File 3: run_demo.py - Complete Demo Runner

#!/usr/bin/env python3
"""
Complete MCP Demo Runner
Demonstrates the full MCP protocol with actual server and client processes
"""

import asyncio
import logging
import sys
from pathlib import Path

# Configure logging
logging.basicConfig(
    level=logging.INFO,
    format='%(asctime)s - %(name)s - %(levelname)s - %(message)s'
)
logger = logging.getLogger(__name__)


async def run_interactive_demo():
    """Run an interactive demo with the MCP client."""
    # Import here to avoid circular imports
    from mcp_client import MCPClient
    
    logger.info("=" * 70)
    logger.info("MCP INTERACTIVE DEMO")
    logger.info("=" * 70)
    logger.info("This demo connects to a real MCP server process")
    logger.info("and allows you to interact with it using a language model.")
    logger.info("=" * 70)
    
    # Create client
    client = MCPClient(use_gpu=True)
    
    try:
        # Connect to server
        logger.info("\nConnecting to MCP server...")
        await client.connect_to_server(
            server_name="utilities",
            command=sys.executable,
            args=["mcp_server.py"]
        )
        
        logger.info("\n" + "=" * 70)
        logger.info("Connected!

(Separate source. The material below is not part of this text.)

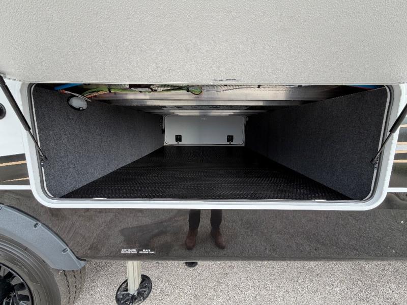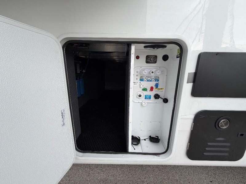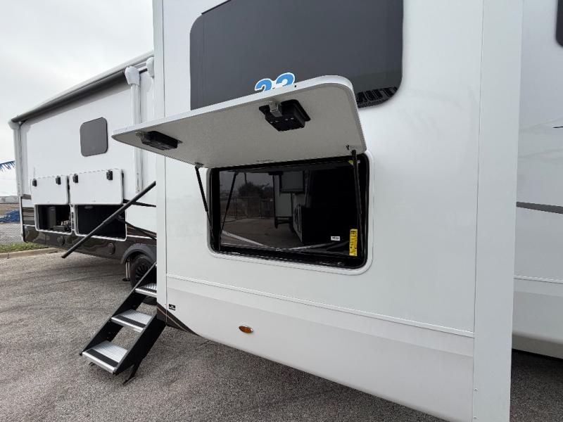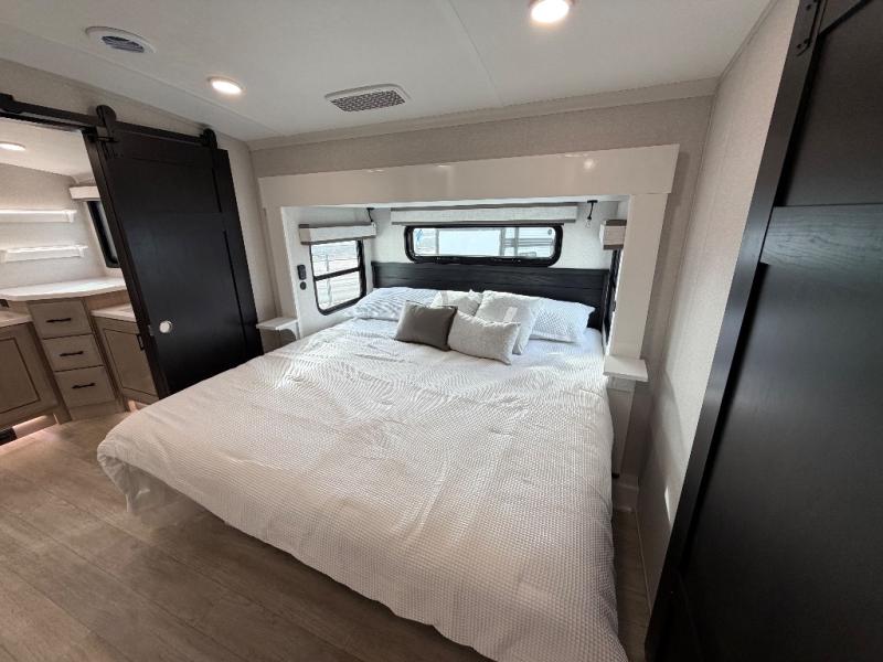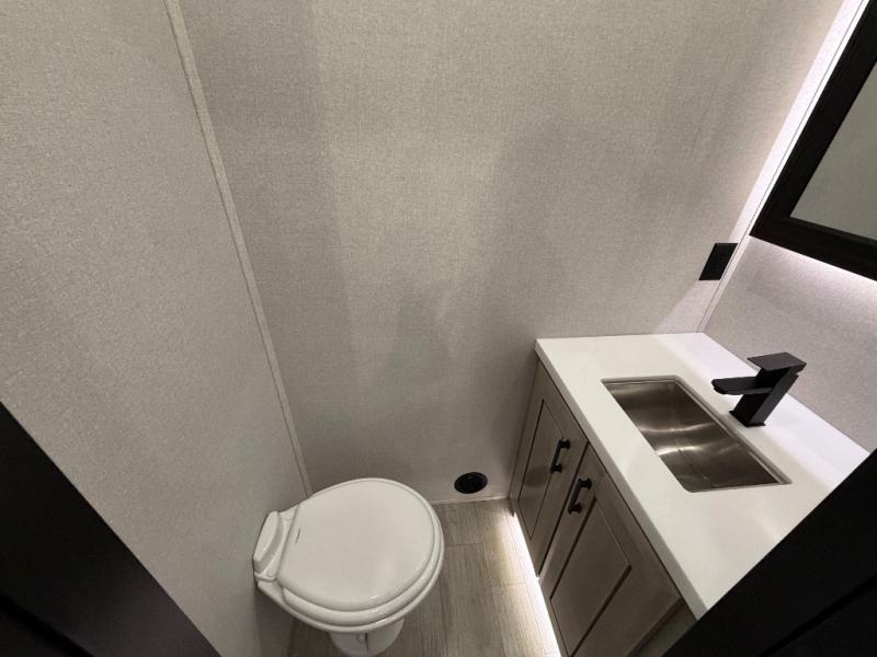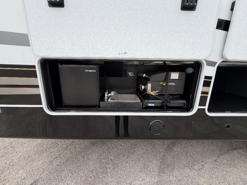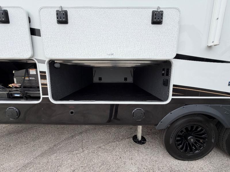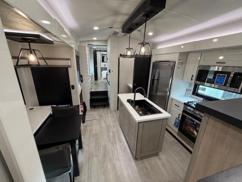 At the front of this fifth wheel, a spacious living area welcomes you with a theater seat and dual opposing slides that hold two tri-fold sofas, perfect for gathering the whole crew after a day of adventure and easily converted into extra sleeping space when needed. A 65" TV enhances cozy movie nights. Moving into the center, the kitchen opens up with its own slide-out, offering a 21-cu. ft. residential refrigerator, 30" convection microwave, 24" range, and plenty of overhead cabinets, along with a functional island equipped with a sink, pull-out cutting board, and generous prep space. A pantry sits conveniently nearby for dry goods, while a half bath across the way adds everyday convenience. Opposite the island, a roll-top dinette in another slide provides even more room to move around and the perfect spot for meals or board games. Toward the rear, the spacious bedroom features a 72" x 80" king bed in a slide for added walking space, along with a bench, a 32" TV, and dual wardrobes for clothing and essentials. At the very back, a luxurious full bathroom awaits, complete with double sinks for smooth morning routines and a 36" x 48" shower with a built-in seat for comfort and accessibility.
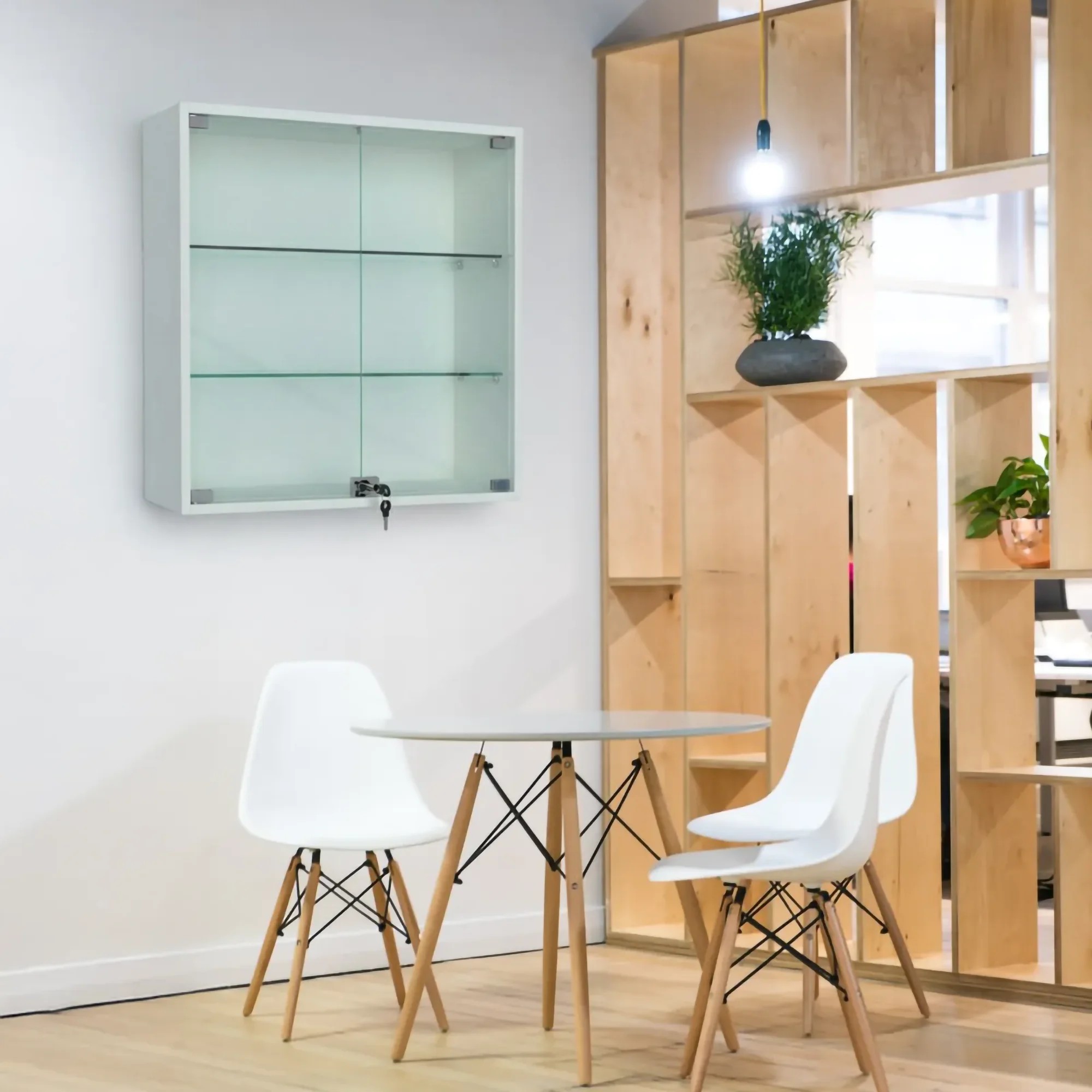 Kompaktowa witryna wisząca o wymiarach 680×680×170 mm wykonana z wysokiej jakości płyty MDF.

You can now ask questions.")
        logger.info("Type 'quit' or 'exit' to stop.")
        logger.info("=" * 70 + "\n")
        
        # Interactive loop
        while True:
            try:
                user_input = input("You: ").strip()
                
                if user_input.lower() in ['quit', 'exit', 'q']:
                    logger.info("Exiting...")
                    break
                
                if not user_input:
                    continue
                
                print("\nProcessing...\n")
                response = await client.chat(user_input)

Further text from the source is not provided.